=== Data for review ===
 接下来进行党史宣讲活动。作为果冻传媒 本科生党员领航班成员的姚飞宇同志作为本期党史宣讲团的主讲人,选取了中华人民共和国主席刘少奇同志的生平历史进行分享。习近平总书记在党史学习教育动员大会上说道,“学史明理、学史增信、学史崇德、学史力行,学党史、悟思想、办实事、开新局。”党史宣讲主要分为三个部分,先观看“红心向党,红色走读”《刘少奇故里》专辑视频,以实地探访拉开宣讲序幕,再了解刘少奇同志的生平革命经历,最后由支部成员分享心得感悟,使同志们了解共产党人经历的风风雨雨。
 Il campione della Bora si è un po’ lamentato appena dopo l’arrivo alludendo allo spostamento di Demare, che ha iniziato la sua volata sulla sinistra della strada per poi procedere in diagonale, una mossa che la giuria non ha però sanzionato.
===
=== Data for review ===
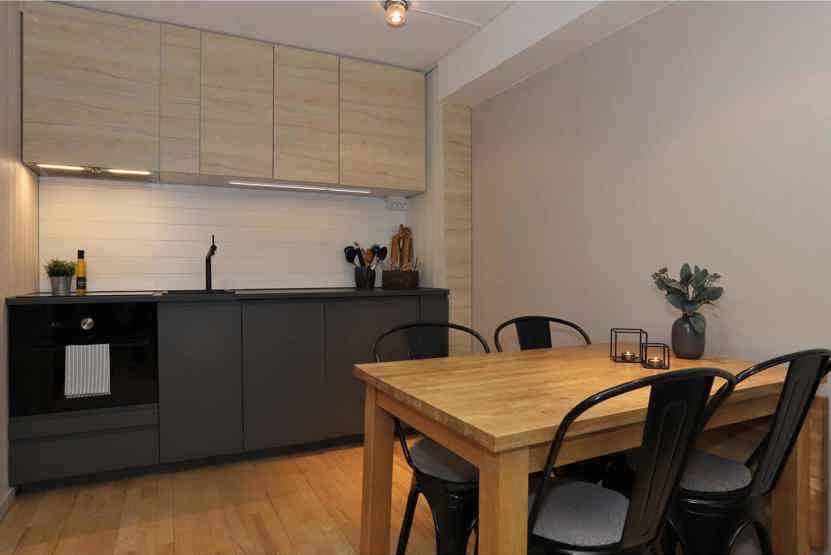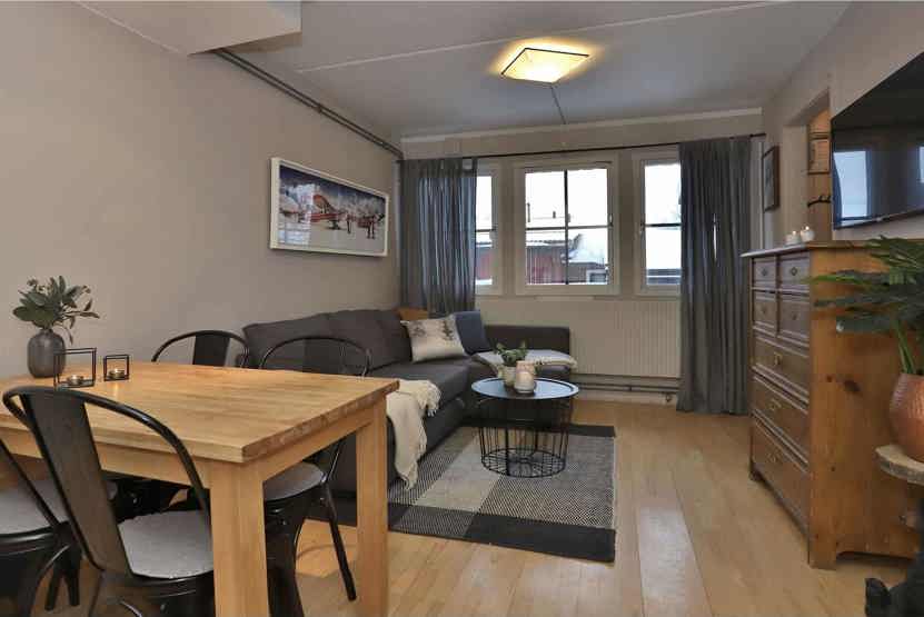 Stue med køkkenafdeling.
===
=== Data for review ===
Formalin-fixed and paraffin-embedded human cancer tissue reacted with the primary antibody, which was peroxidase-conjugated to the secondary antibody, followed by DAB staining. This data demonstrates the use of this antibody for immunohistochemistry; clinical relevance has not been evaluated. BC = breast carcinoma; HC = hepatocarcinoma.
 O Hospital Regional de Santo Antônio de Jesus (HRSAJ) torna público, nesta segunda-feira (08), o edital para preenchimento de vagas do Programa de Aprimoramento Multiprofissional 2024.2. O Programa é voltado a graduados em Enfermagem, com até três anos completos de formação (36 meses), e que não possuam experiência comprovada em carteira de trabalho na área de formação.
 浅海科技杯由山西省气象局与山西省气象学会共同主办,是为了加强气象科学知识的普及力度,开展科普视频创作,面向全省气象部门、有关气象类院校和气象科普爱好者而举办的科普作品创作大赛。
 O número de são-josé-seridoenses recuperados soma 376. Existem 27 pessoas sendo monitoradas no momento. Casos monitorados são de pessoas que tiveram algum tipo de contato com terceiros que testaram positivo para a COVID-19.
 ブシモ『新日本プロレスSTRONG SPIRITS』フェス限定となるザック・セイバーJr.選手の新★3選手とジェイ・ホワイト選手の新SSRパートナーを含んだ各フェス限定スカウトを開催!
===
What you are asked to do = Using the entries shown above, reproduce verbatim the lines from the line bearing "O Hospital Regional" to the line bearing "ブシモ『新日本プロレスSTR", inclusive.

Answer for this exercise =
 O Hospital Regional de Santo Antônio de Jesus (HRSAJ) torna público, nesta segunda-feira (08), o edital para preenchimento de vagas do Programa de Aprimoramento Multiprofissional 2024.2. O Programa é voltado a graduados em Enfermagem, com até três anos completos de formação (36 meses), e que não possuam experiência comprovada em carteira de trabalho na área de formação.
 浅海科技杯由山西省气象局与山西省气象学会共同主办,是为了加强气象科学知识的普及力度,开展科普视频创作,面向全省气象部门、有关气象类院校和气象科普爱好者而举办的科普作品创作大赛。
 O número de são-josé-seridoenses recuperados soma 376. Existem 27 pessoas sendo monitoradas no momento. Casos monitorados são de pessoas que tiveram algum tipo de contato com terceiros que testaram positivo para a COVID-19.
 ブシモ『新日本プロレスSTRONG SPIRITS』フェス限定となるザック・セイバーJr.選手の新★3選手とジェイ・ホワイト選手の新SSRパートナーを含んだ各フェス限定スカウトを開催!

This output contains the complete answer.